経営改善・事業再生ノウハウ集

リスケジュール後の新規融資に有効なものとは?

2014年8月21日

リスケジュール(返済の減額)や金融支援を受けた後は、新たな融資は受けられないのでしょうか?

一般的には厳しいのが実情です。

しかし、そのような支援を受けると同時に、または一年後や二年後に新規の融資を受けることができたケースはあります。

例えば、資本的劣後ローンに転換すると同時に、新規に設備投資のための融資が受けられた事例もあるのです。

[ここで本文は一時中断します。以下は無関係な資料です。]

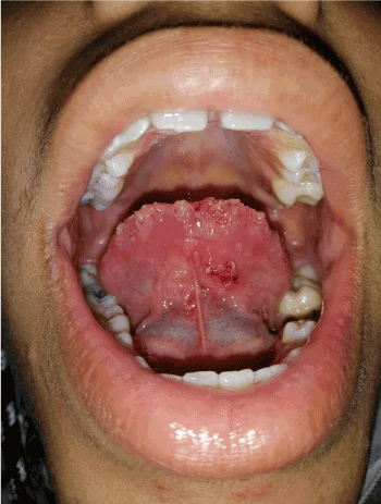On examination, we noted, on the dorsal surface of the tongue, a hypertrophic plaque, made of multiple yellowish and translucent vesicles, they are hematic in places, the lesion overflowed on the free edge, without reaching the floor of the tongue. No deep mass was found.
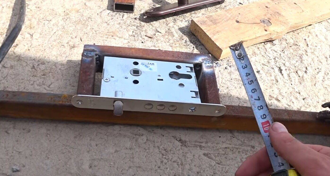 - Приварить коробку, в которую будет установлен механизм с замком (если предполагается выбрать врезной вариант). Вместо него можно использовать и обычный навесной замок – тогда к каркасу приваривают петли.
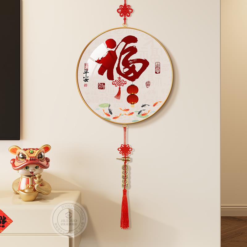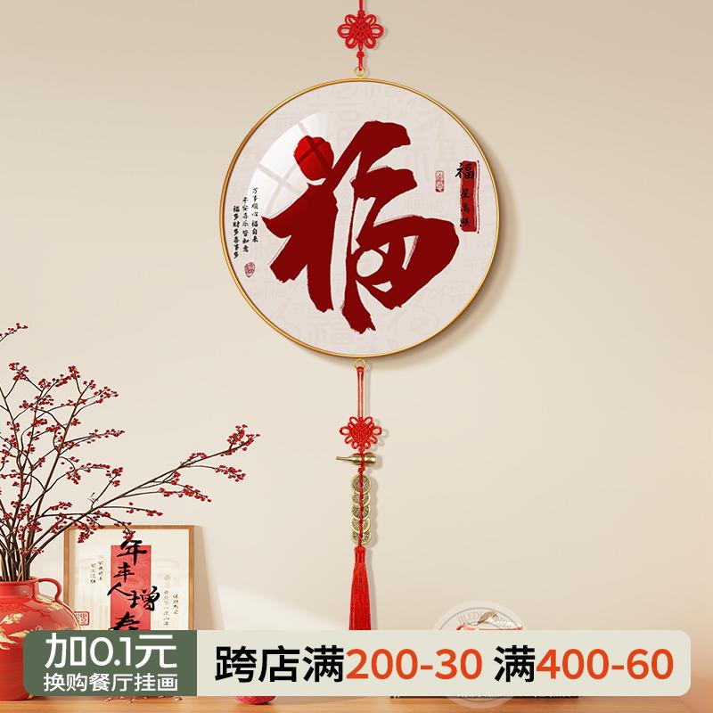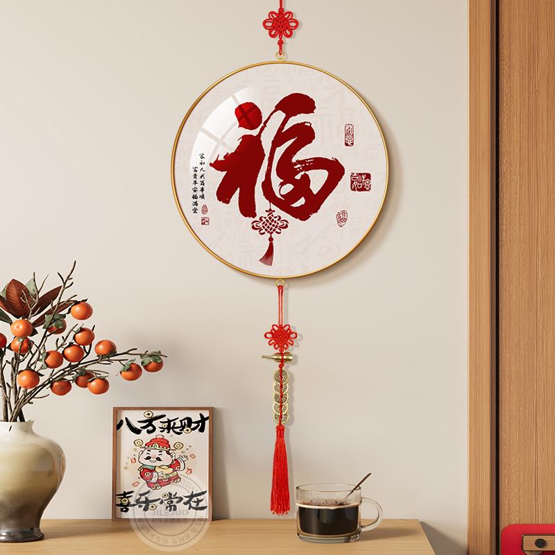 福字装饰画春节喜庆布置中国结圆形挂饰餐厅好寓意挂画五帝钱挂件
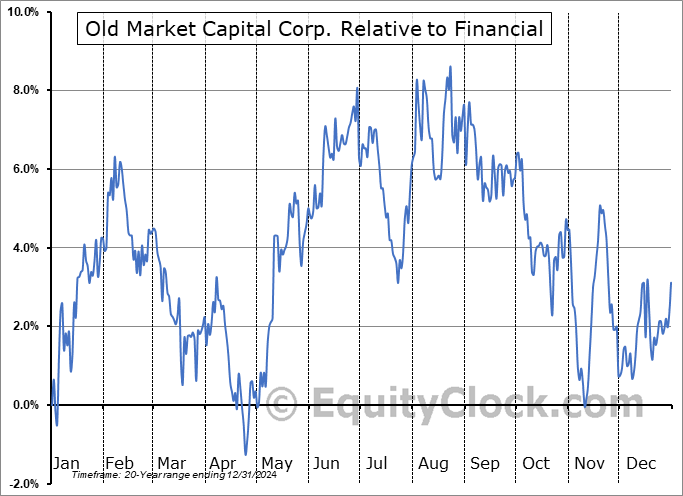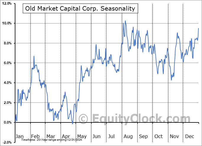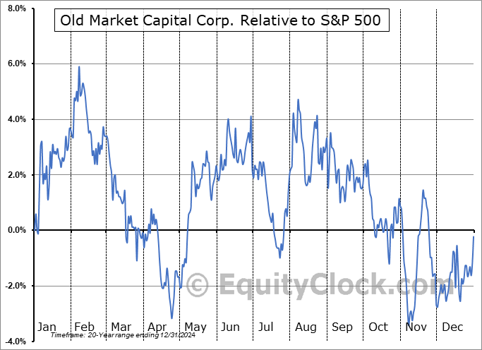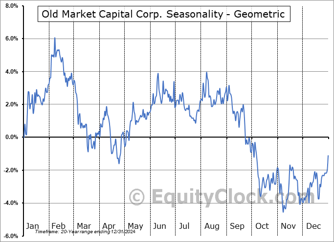Analysis of the Old Market Capital Corp. (NASD:OMCC) seasonal charts above shows that a Buy Date of November 7 and a Sell Date of February 12 has resulted in a geometric average return of 6.43% above the benchmark rate of the S&P 500 Total Return Index over the past 20 years. This seasonal timeframe has shown positive results compared to the benchmark in 14 of those periods. This is a good rate of success and the return strongly outperforms the relative buy-and-hold performance of the stock over the past 20 years by an average of 16.86% per year.

例えば、旅館やホテル業で資金繰りが長年厳しい状態で、建物の修繕や設備投資にまわす資金が捻出できなかった場合を考えてみます。

古くから続いているそのような業種では、団体向けの設備が中心だったりします。

しかし、バブル崩壊後、企業の団体旅行が減少し、IT技術の進展により、現在では個人や少人数での旅行が増え続けています。

そのような中で、現在の設備仕様では個人・少人数旅行者のニーズを捉えられなくなってきている、または設備が古くなり過ぎて、故障が続き、クレームが増えているといったような場合、売上を維持することは困難になってきます。

しっかりとした修繕・設備投資の必要性を経営改善計画書に記載し、銀行に新規融資を要請することでそれが可能になる確率が高まるのです。

それには、客観性を持たせることも重要です。設備投資などでは、客観的に第三者が見ても、最低限この程度の投資をする必要があるということを証明できれば、銀行担当者も稟議を申請しやすくなるのです。

旅館やホテル等の建物や設備に対しての修繕などに関して言えば、「エンジニアリング・レポート」というものを取得するという方法もあります。

エンジニアリング・レポートとは、対象不動産の立地状況、管理状況、遵法性、建築物の仕上・構造、設備の劣化状況、耐震性能、有害物含有状況、土壌汚染などについて、第三者的見地からおこなう調査のことです。

この中には、修繕費用(緊急修繕費用・短期修繕費用・中長期修繕費用)などについて報告がなされます。

第三者的見地からの報告書になるので、銀行担当者も対応がしやすいのです。